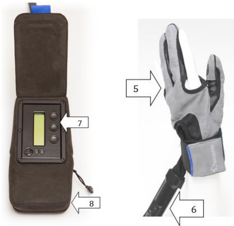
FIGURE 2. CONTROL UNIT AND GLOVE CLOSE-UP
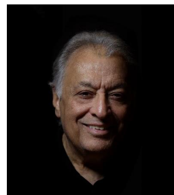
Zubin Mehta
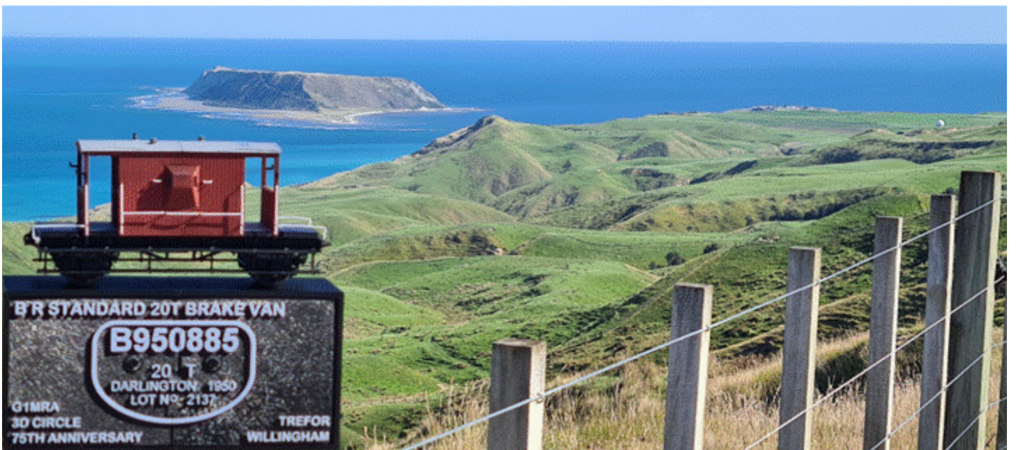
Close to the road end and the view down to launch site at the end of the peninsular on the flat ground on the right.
---
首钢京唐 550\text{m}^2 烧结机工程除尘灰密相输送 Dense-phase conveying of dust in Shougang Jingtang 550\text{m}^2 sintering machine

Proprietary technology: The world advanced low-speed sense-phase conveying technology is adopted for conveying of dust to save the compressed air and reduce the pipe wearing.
---
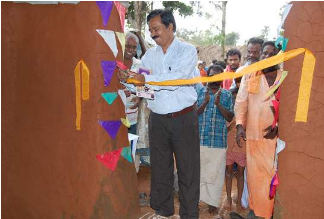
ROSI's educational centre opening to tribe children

*Description of the task*:
Only lines containing the string "dust" belong in the answer; find them in the data above and copy them.

*Written solution*:
首钢京唐 550\text{m}^2 烧结机工程除尘灰密相输送 Dense-phase conveying of dust in Shougang Jingtang 550\text{m}^2 sintering machine
Proprietary technology: The world advanced low-speed sense-phase conveying technology is adopted for conveying of dust to save the compressed air and reduce the pipe wearing.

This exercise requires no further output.